"Life, liberty, and the pursuit of vengeance."
Django Unchained - Easter Eggs & Hidden Details
Easter Eggs
Cameo by the original Django, Franco Nero.
In a direct homage to the film's primary inspiration, Franco Nero, who played the titular character in the 1966 Spaghetti Western "Django," appears in a scene at the Cleopatra Club bar. He asks Jamie Foxx's Django to spell his name, leading to the iconic exchange where Nero's character says "I know" after being told the 'D' is silent.
Quentin Tarantino's Cameo
The director makes a brief appearance as an employee of the LeQuint Dickey Mining Company, one of the Australians tasked with transporting Django to a mine. His character is promptly killed when Django turns the tables on his captors.
The 'Trunk Shot'
Tarantino includes his signature "trunk shot," a low-angle shot from the perspective of a car trunk, in nearly all his films. Since "Django Unchained" is set before the invention of cars, he creatively adapts it.

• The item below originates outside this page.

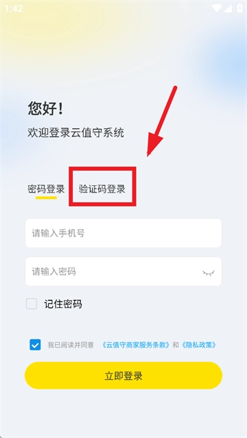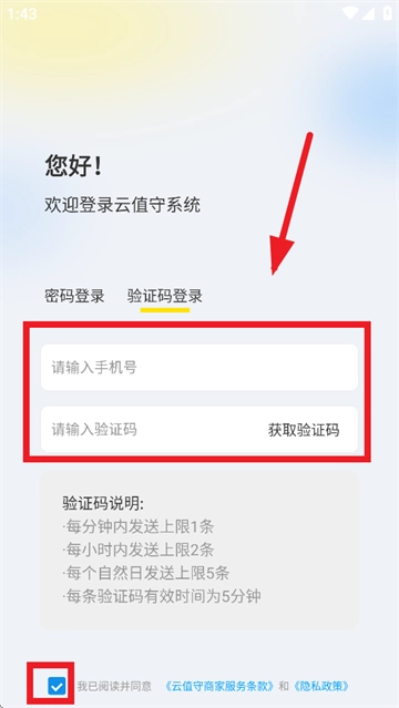 请输入手机号码、验证码,同时勾选“我已阅读并同意《云值守商家服务条款》以及《隐私政策》”,随后点击“立即登录”,便可完成操作。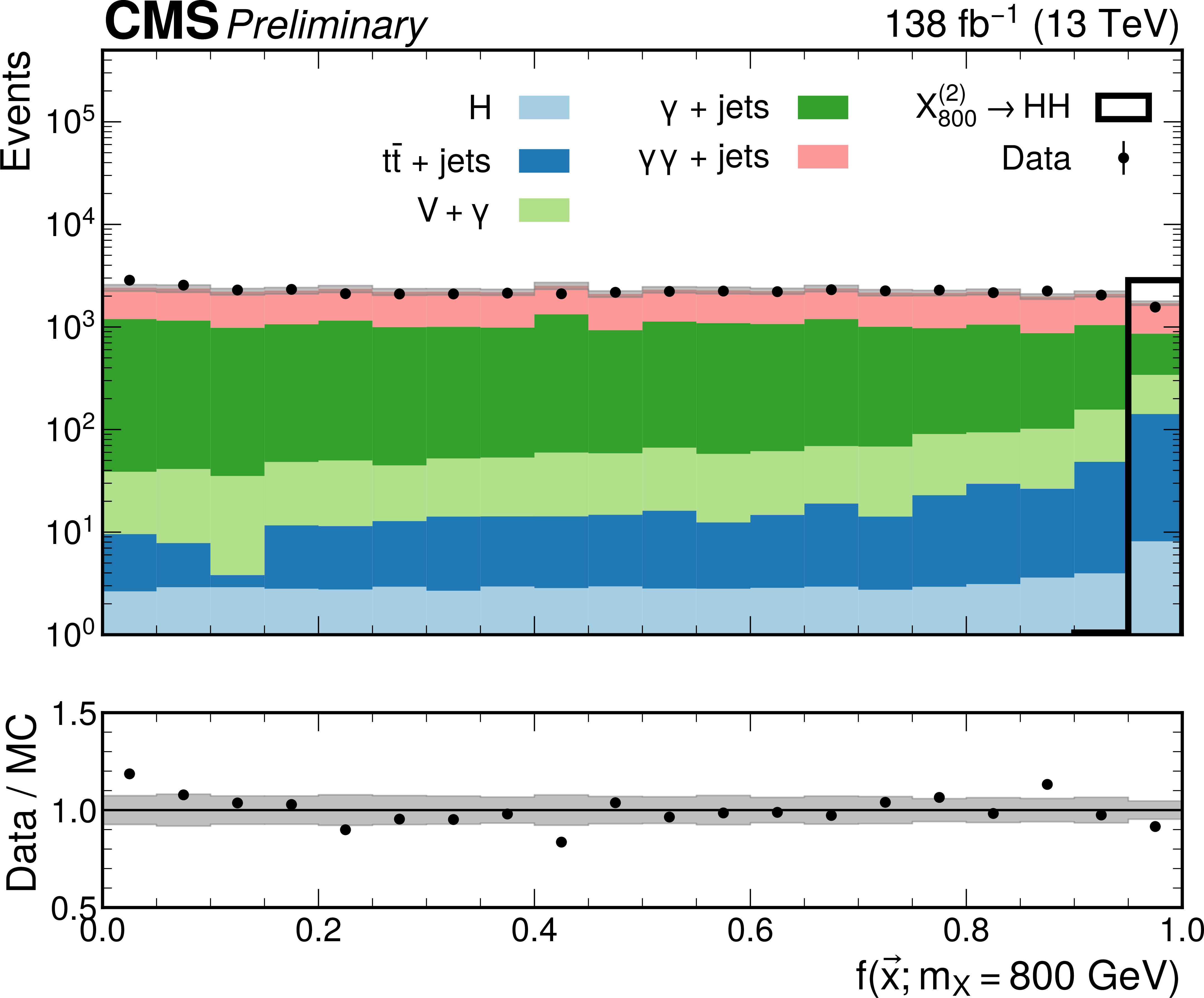 Transformed output of the pNN used in the $ \mathrm{X}^{(2)} \to \mathrm{H}\mathrm{H} $ search, evaluated at $ m_{\mathrm{X}}= $ 260 GeV (left) and $ m_{\mathrm{X}}= $ 800 GeV (right). The filled histograms represent the background simulation, and the data are shown by the black points. The ``H'' process includes ggH, VBF, VH, and $ {\mathrm{t}\overline{\mathrm{t}}} $H. The targeted signal distributions for which the pNN is evaluated are shown by the black unfilled histograms. The background MC simulation is normalized to data and the signal is normalized to an arbitrary cross section for representation purposes. The ratio of the data to the sum of the background predictions is shown in the lower panel. Statistical MC uncertainties for the background are represented by the grey-shaded bands. |

The shot is used from the low-angle perspective of a slave in a pit looking up at Calvin Candie.
Broomhilda von Shaft
Broomhilda's last name is revealed to be "von Shaft." This is a direct reference and implies she is an ancestor to John Shaft, the iconic hero of the 1971 Blaxploitation film "Shaft" and its sequels. This connects "Django Unchained" to a larger cinematic universe of Black heroism.